So says Robert Montgomery in Mr. & Mrs. Smith--the 1941 Hitchcock screwball comedy, not the weird Pitt/Jolie action comedy of 2005.
The woman completing this pair was Carole Lombard, after whom Frances Lillian Mary Ridste had styled herself upon arriving in Tinseltown (to my perpetual confusion half-a-century later). And like Landis, Carole Lombard died far too young, though in an airplane crash.
Behind the lens we have a young(ish) Alfred Hitchcock, shooting his only corpse-free comedy. In this case, the shallow Montgomery and the bat-sheet Lombard discover that they're not married, despite three years of great make-up sex. (For reasons that aren't exactly clear, Montgomery hides the info from his wife, and Lombard gets ticked, apparently because he wants to have his way with her even though they're not legally married.)

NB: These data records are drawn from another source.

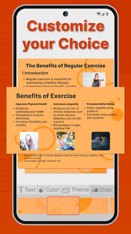 슬라이드 & 프레젠테이션 앱은 다양한 스타일, 템플릿, 내보내기 옵션을 제공합니다. 실시간으로 프레젠테이션을 진행하거나, 디지털 사본을 공유하거나, PPT로 저장하고 싶으신가요? 걱정하지 마세요! 모바일: 슬라이드 메이커의 PPT 편집기는 무한한 유연성을 제공합니다. AI는 원하는 대로 슬라이드를 사용자 지정할 수 있는 옵션을 유지하면서 모든 슬라이드를 지원합니다.
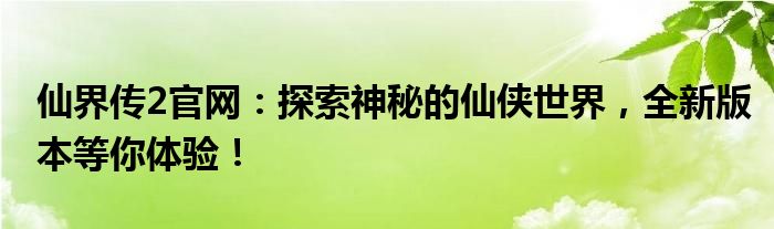 仙界传2官网:探索神秘的仙侠世界,全新版本等你体验!
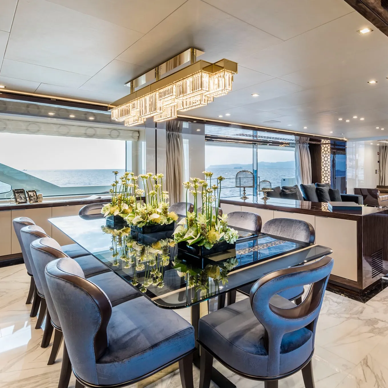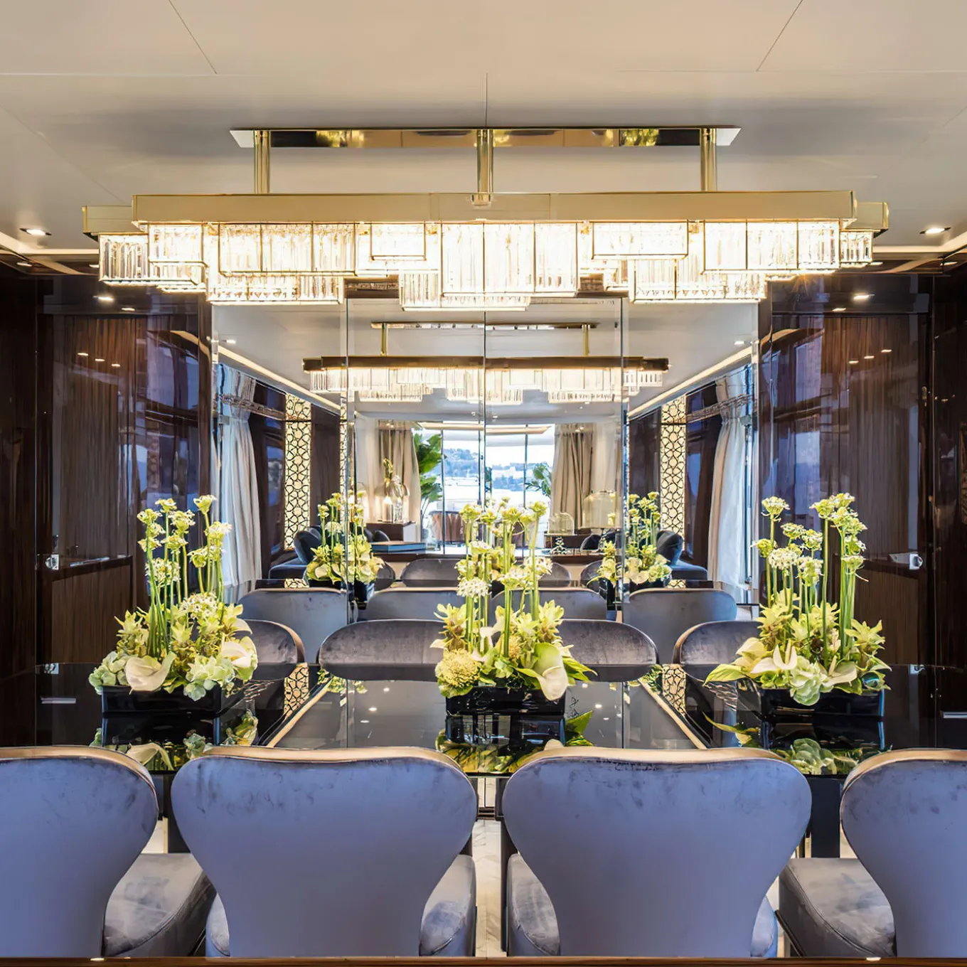 Crystals and a chrome plating are combined together to give emphasis to a geometrical and complex system, composed of modular elements. Gisele lamp offers multiple declinations, like a choreography of bodies in space. An innovative design inspired by art dèco, which combines new technology with aesthetic reasons: the entire structure is created in steel with a laser-cut and the lights are dimmable leds. Led chandelier, led stick 24VDC – 120W, 3000°K supplied, dimmer wifi included.
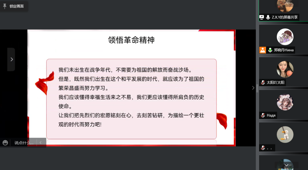 活动伊始,主持人通过PPT带领同学们了解建党一百周年来党的发展历程,感悟百年征程的伟大与艰辛,并通过讲述中国共产党成立100年以来取得的伟大成就,引导同学们深入学习和了解党的光辉历程,感悟党的初心和使命。
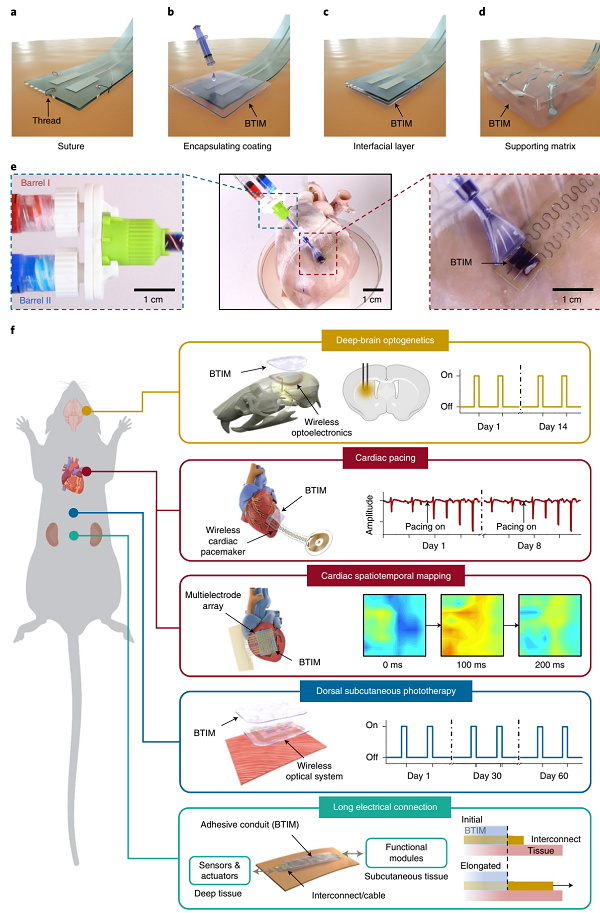 灵活的电子/光电系统可以紧密地集成到重要器官系统的表面,有潜力提供与广泛的疾病和紊乱相关的革命性诊断和治疗能力。这些技术与活体组织之间的关键界面必须提供软机械耦合和有效的光/电/化学交换。在这里,美国西北大学John A. Rogers、Yevgenia Kozorovitskiy联合乔治华盛顿大学Igor R. Efimov等人介绍了一种功能性粘附生物电子-组织界面材料,其形式为机械顺应性、导电性和光学透明封装涂层、界面层或支撑基体。这些材料与设备表面和不同内部器官的表面紧密结合,在几天到几个月的时间内具有稳定的粘附性,可以以可控的速率量身定制生物吸收。活体动物模型的实验演示包括设备应用,从用于脑深部光遗传学和真皮下光疗的无电池光电系统到无线毫米级起搏器和柔性多极心外膜阵列。这些进展可以立即应用于目前用于动物模型研究的几乎所有类型的生物电子/光电系统,它们也有潜力在未来治疗危及生命的疾病和紊乱。相关研究以“Photocurable bioresorbable adhesives as functional interfaces between flexible bioelectronic devices and soft biological tissues”为题目,发表在Nature Materials上。DOI: 10.1038/s41563-021-01051-x
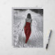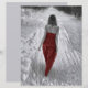 Garota gótica vestindo vestido vermelho andando em papel de álbuns da floresta de inverno. Este papel de 110 lb pode ser usado para seus projetos de álbum de fotos, artesanato ou desacoplamento que exigem papel mais pesado. Cinza preto e branco. Imagem copyright Marg Seregelyi Fotografia.
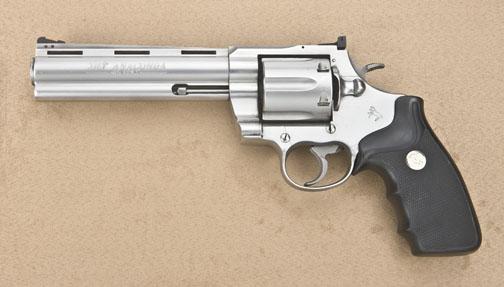 Colt Anaconda Model DA stainless steel revolver with Colt factory blue plastic carry case, .45 Colt cal., 6” ventilated rib barrel, finger groove combat Colt medallion checkered rubber grips, #MM64297. This gun is in overall fine condition with a very good to fine bore, crisp action and markings, fine grips, white outline adjustable rear sight and red insert front sight. Est.: $300-$600.
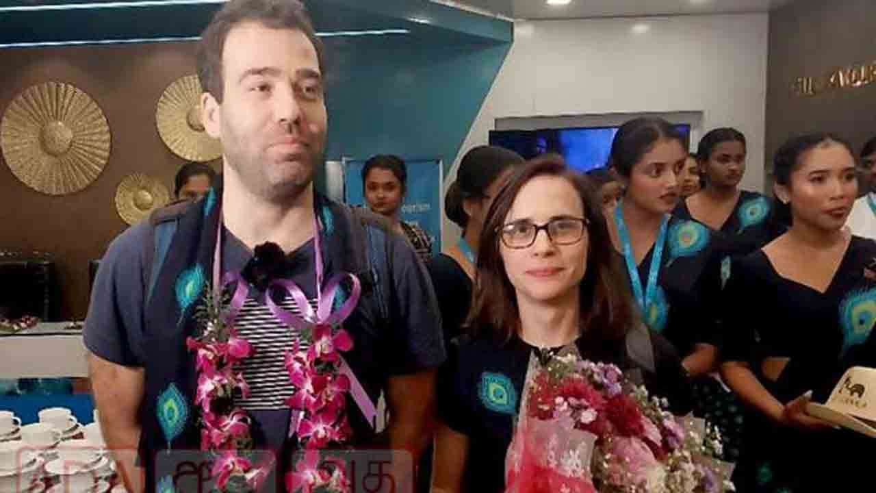 இலங்கைக்கு வருகை தந்த வெளிநாட்டவர்களான ரஃபேல் கரோன் மற்றும் அவரது மனைவி கிளெய்ர் சார்லட் ஆகியோருக்கு கட்டுநாயக்க விமான நிலையத்தில் வரவேற்பு அளிக்கப்பட்டது.
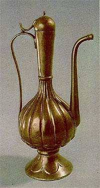 Аварские водоносные кувшины из Гоцатля обычно выполнялись из красной меди и покрывались полудой. Это строгие монументальные сосуды с шаровидным туловом, высоким узким горлом и откидной крышкой. Скульптурность форм подчеркнута чеканными полосками, расположенными поперек горловины и на поддоне, выпуклыми медальонами на “плечиках” с элементами гравированного растительного орнамента, который оттеняет красный цвет меди на фоне серебристой полуды. На более старых изделиях, покрывавшихся полудой много раз, гравированный орнамент почти не виден, а основную декоративную роль играют чеканные элементы.
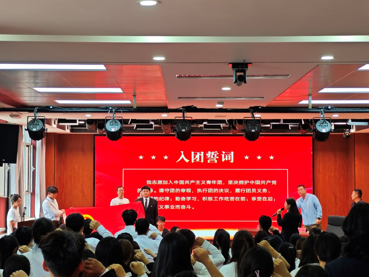 仪式在庄严的国歌声中拉开帷幕,随后学院团委书记宣读了新团员名单。在热烈的掌声中,老师们为新团员代表佩戴团徽,这一枚枚团徽不仅是团员身份的象征,更是一份责任与使命的传承。
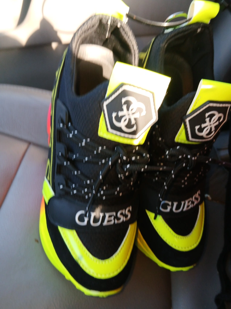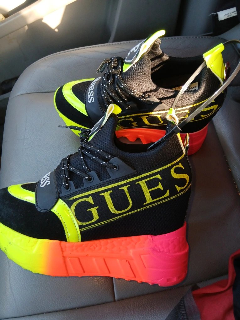 Check out these Guess sneakers with neon yellow and pink accents! They're in great condition and ready for a new home
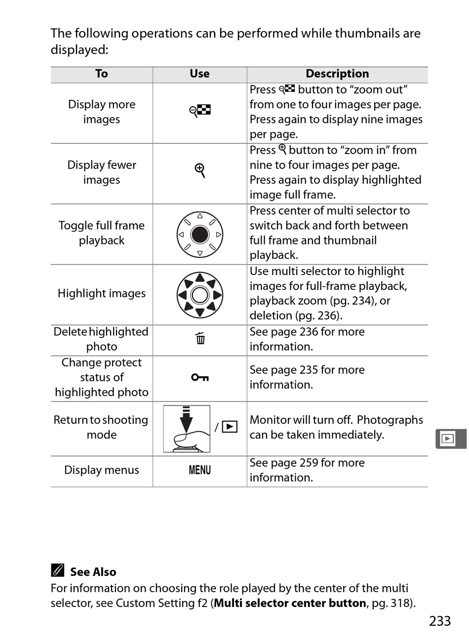 selector, see Custom Setting f2 (Multi selector center button, pg. 318).
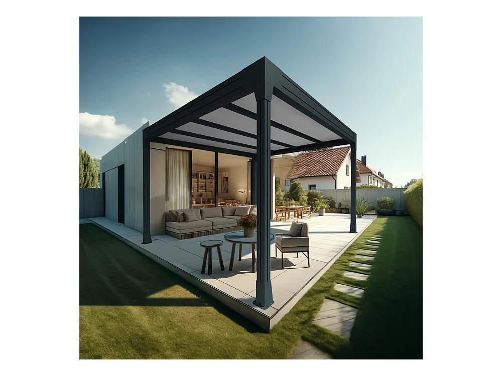 Pergola Bioclimatique gris anthracite – Triomphe – 300x400cm. aluminium. à lames orientables + store 400cm
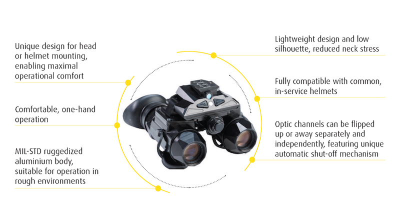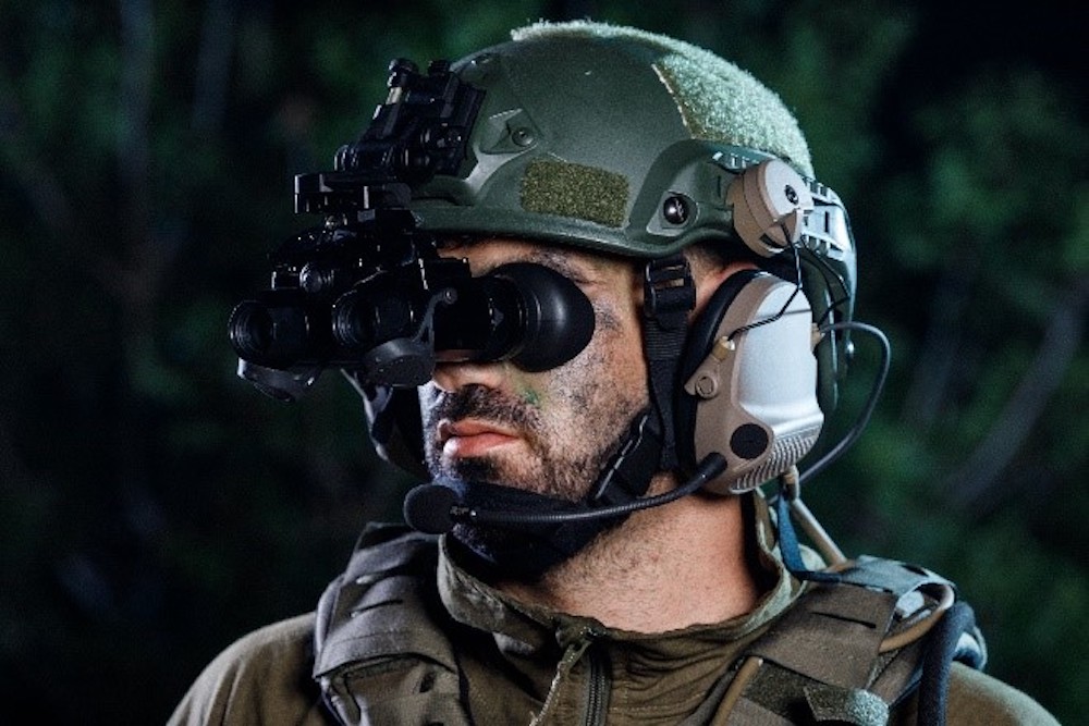 Ein Elitesoldat betrachtet das Bildverstärker-Nachtsichtgerät XACT nv36 von ELBIT. Dieses binokulare System bietet ein Sichtfeld von 47⁰.
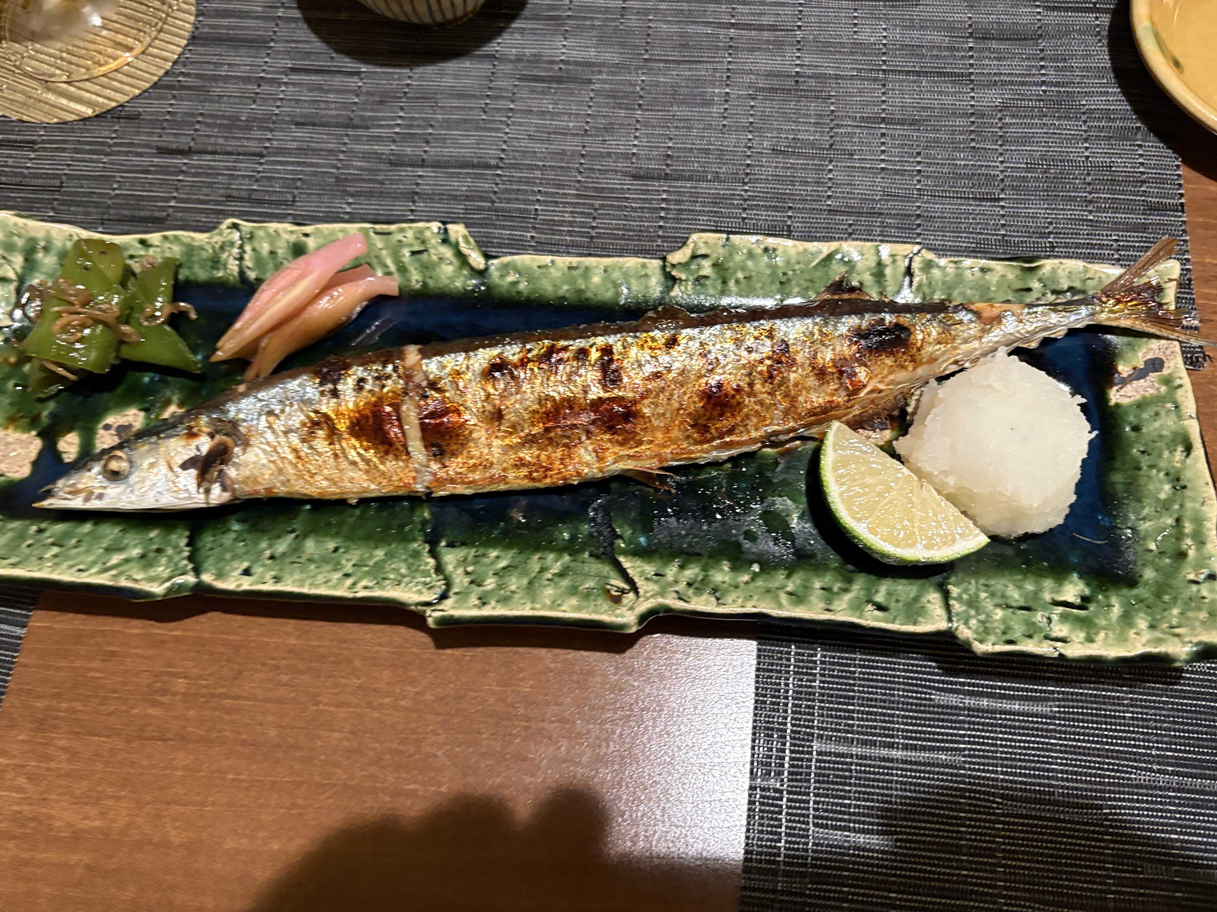 昨日は、仲良しmさんと居酒屋おが咲へ。きみちゃんも合流して、3人で食事しました。特大さんまの塩焼き。北海道産です。鮮度良く、脂も乗って秀逸でした。皆さん、今年のさんまを召し上がりました?これからだんだんと魚体が小さくなっていくそうですよ。居酒屋おが咲さん。創作和食、面白くて美味しいんです。締めは、干し芋ブルーチーズのせ焼き。おっ美味い。これ、家でもやってみようと思います。

Lombard--who really does come across like a screwball--decides she doesn't want him back and ends up with his business partner, the bland, staid Gene Raymond.
This is really a cute movie with some good laughs that are a little too far apart to make this a really good comedy 65 years later. In other words, it might have been a lot funnier when released, but a lot of the sexual innuendo is nearly imperceptible to our coarsened sensibilities. Still, we all laughed at points, even The Boy.
I liked the early scene where they're having dinner at a place that has become a dive in the three years since they've been there and Montgomery is trying to get a cat (that's sitting on the table!) to test the soup to see if it's safe to eat. (Hence the quote.)
And since it's been a while...some breasts!
Lombard is of course pre-pointy-breast era. She's the right age to be a flapper but I don't think she did the flapper thing in the movies.
Had she lived, though, I'm sure we'd have seen her in a torpedo-shaped brassiere alongside of the other greats of the '50s.